A once-prominent big game hunter and guide whose name and image appeared regularly in national hunting publications and advertisements for hunting rifles will never again hunt, fish or be allowed to own a firearm.
Once one of the country’s best-known hunting celebrities, the now-disgraced Kirt Darner, 69, was sentenced on Monday, Jan. 12, in Cibola County, New Mexico District Court to 4,500 hours of community service, fined $10,000 and ordered to pay an unspecified amount of restitution to the New Mexico and Colorado game agencies and a Colorado taxidermy business.
Darner, who pleaded guilty in June 2008 to charges of illegally transporting wild elk to his New Mexico ranch and receiving stolen bighorn sheep heads, faced a maximum penalty of four years in jail. As part of his plea agreement, he is prohibited from hunting, fishing or possessing firearms for life.
Darner was indicted by a grand jury in 2006 on 41 felony and misdemeanor counts, including receiving stolen property, transportation of stolen livestock and tampering with evidence. He was originally charged with illegally moving four state-owned elk from his Lobo Canyon Ranch in Grants, N.M., to another ranch and game park in southeastern New Mexico in 2002. In addition, a search warrant served in 2005 on the Darner property in New Mexico uncovered a desert bighorn sheep head and a Rocky Mountain bighorn sheep head that had been stolen from a Montrose, Colo. Taxidermy shop in 2000.

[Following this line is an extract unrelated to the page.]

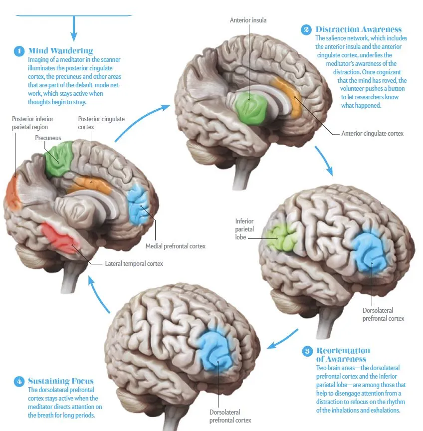 When left unattended the mind drifts from thought to thought and stimuli to stimuli. The circuit of the brain that operates in this unfocused mode is called the default mode network. According to research, activity of the default mode network is correlated with rumination, depression, and other less desirable states.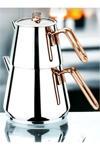- Zarif gold detaylarıyla süslenmiş, şıklığı mutfaklarınıza taşıyan çelik çaydanlık.

Previously, in Colorado, Darner was convicted of illegal possession of wildlife in 1994. In 1999 he was convicted of second degree tampering with evidence and careless driving in an incident in which he was serving as an outfitter. At that time, Colorado Division of Wildlife officers observed Darner’s client shoot at an elk decoy in a game management unit for which the client didn’t have a license.
Darner gained prominence as a hunter and guide with an affinity for massive mule deer bucks in the 1970s and 80s. When photographic evidence revealed a mule deer Darner claimed to have shot was actually taken by another Colorado hunter 40 years earlier, his entries in the Boone and Crockett Club record book were subsequently expunged.
Though Cibola County Deputy District Attorney Randolph Collins was unsuccessful in his effort to see Darner’s latest sentence include prison time, his argument to the court ironically included an excerpt from Darner’s 1983 book, How to Find Giant Bucks.
“Penalties for game violations are not stiff enough,” Darner’s book stated. “There should be minimum fine and mandatory jail sentences for some crimes, such as shooting a deer out of season. Second offenders should get very stiff, mandatory penalties. If a potential violator knew he’d get a $1,000 fine and a minimum of 30 days in jail for shooting a buck out of season, he’d find more strength to resist the temptation.”
The Deputy DA’s memorandum to the court accurately summed up how a lot of sportsmen feel about the once-iconic figure of the big game hunting community.
“The book title (How to Find Giant Bucks), now given his conduct in our county and his quest to put his profit above all else, has double meaning–how to find giant bucks is really, for him, how to make a lot of money by violating the law.”